The capacitively-coupled sensor consists of a zirconium dioxide ceramic pipe, with an inner diameter of 53 mm and a height of 400 mm, and 16 metallic plates, which are 9 mm wide and 100 mm high. The ceramic pipe has a large relative permittivity of 28, which allows for effective signal coupling through the wall. Additionally, it is resistant to abrasive fluids, almost all acids, high pressures (up to 2000 MPa) and high temperatures (up to 900 C in air).
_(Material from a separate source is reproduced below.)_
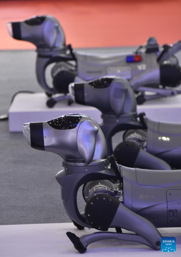 Robot dogs are exhibited during the 2025 World Robot Conference (WRC) in Beijing, capital of China, Aug. 8, 2025. The WRC 2025 showcases rapidly advancing embodied intelligence technology, with humanoid robots as the highlight, demonstrating significant progress achieved globally and particularly in China, while the event also serves to illuminate a wide range of future commercial application scenarios.

To minimize stray capacitances, a second layer of metallic plates is mounted on the first layer, separated by an acrylic glass pipe with a wall thickness of 3 mm. These electrodes are used in a driven shield configuration [25].
The electromagnetic behavior of both sensors is described by Equations (6) and (11). The effective height used in these equations is chosen as 300 mm and 100 mm for the galvanically- and capacitively-coupled sensor, respectively. The number of used series components n was determined based on a comparison of simulation and measurement results. For the galvanically-coupled sensor, it has been shown that for n 20 , the relative root mean square (RMS) error reached a constant minimum [14]. For the capacitively-coupled sensor, n = 1 was determined.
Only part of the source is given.